Source material:
◆ ◆ ◆ ◆
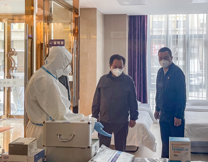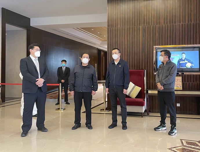 多吉次珠一行詳細察看了西藏開投邦錦花園酒店出入登記點、留觀室、疫情防控物資儲備室、全日制餐廳等區域,聽取了酒店疫情防控工作匯報。聽取匯報后,多吉次珠對酒店全力做好一線抗疫醫務工作者和公安民警后勤保障工作給予高度評價。他指出,西藏開投邦錦花園酒店站位高、有擔當,主動承擔抗疫一線干部職工保障工作重要任務,充分彰顯了國企擔當、國企速度、國企精神,有力發揮了國資國企的“頂梁柱”作用。
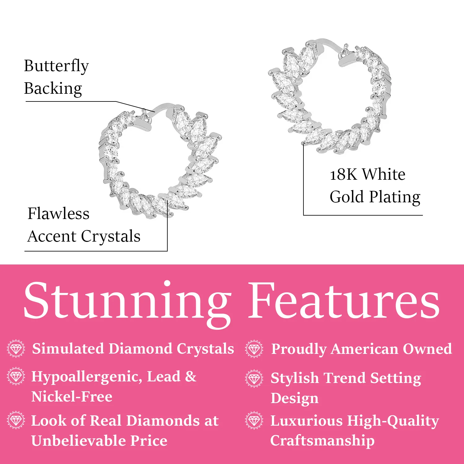 If you are looking to make a statement, then you are in the right place. These one of a kind sideways hoop earrings are unlike any other design you have seen and are sure to turn heads everywhere you go. The luxurious handset marquise cut shape Simulated Diamond Crystals beautifully wrap around your ear to give your outfit a pop you have been dreaming about for years.
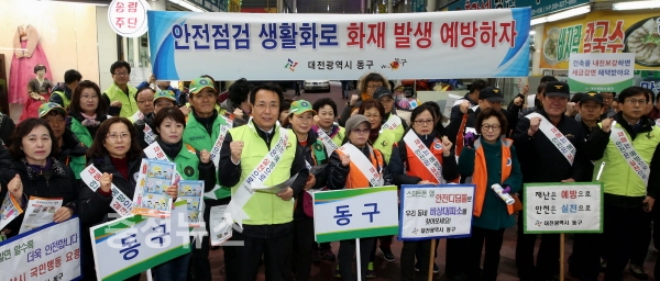 대전 동구는 7일 중앙시장 일원에서 제249차 안전점검의 날을 맞아 한현택 동구청장을 비롯해 구청 직원, 안전모니터봉사단, 지역자율방재단 등 100여 명이 참가한 가운데 전통시장 화재예방 캠페인을 펼쳤다.
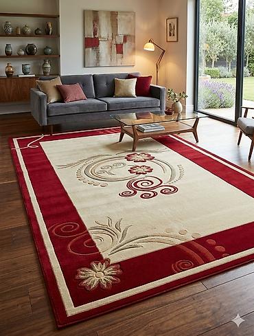 Xalça – klassik dizayn ,2×3ölçüde - Rəng: dərin bordo fon, bej haşiyə və yaşıl-mavi çalarlarında güllü naxışlar - Üslub: klassik/ornamental; mərkəzdə dairəvi medalyon, kənarlarda bitki motivli bor...
◆ ◆ ◆ ◆
Problem:
Leaving each image aside, repeat the listing above exactly.

Answer box:
 多吉次珠一行詳細察看了西藏開投邦錦花園酒店出入登記點、留觀室、疫情防控物資儲備室、全日制餐廳等區域,聽取了酒店疫情防控工作匯報。聽取匯報后,多吉次珠對酒店全力做好一線抗疫醫務工作者和公安民警后勤保障工作給予高度評價。他指出,西藏開投邦錦花園酒店站位高、有擔當,主動承擔抗疫一線干部職工保障工作重要任務,充分彰顯了國企擔當、國企速度、國企精神,有力發揮了國資國企的“頂梁柱”作用。
 If you are looking to make a statement, then you are in the right place. These one of a kind sideways hoop earrings are unlike any other design you have seen and are sure to turn heads everywhere you go. The luxurious handset marquise cut shape Simulated Diamond Crystals beautifully wrap around your ear to give your outfit a pop you have been dreaming about for years.
 대전 동구는 7일 중앙시장 일원에서 제249차 안전점검의 날을 맞아 한현택 동구청장을 비롯해 구청 직원, 안전모니터봉사단, 지역자율방재단 등 100여 명이 참가한 가운데 전통시장 화재예방 캠페인을 펼쳤다.
 Xalça – klassik dizayn ,2×3ölçüde - Rəng: dərin bordo fon, bej haşiyə və yaşıl-mavi çalarlarında güllü naxışlar - Üslub: klassik/ornamental; mərkəzdə dairəvi medalyon, kənarlarda bitki motivli bor...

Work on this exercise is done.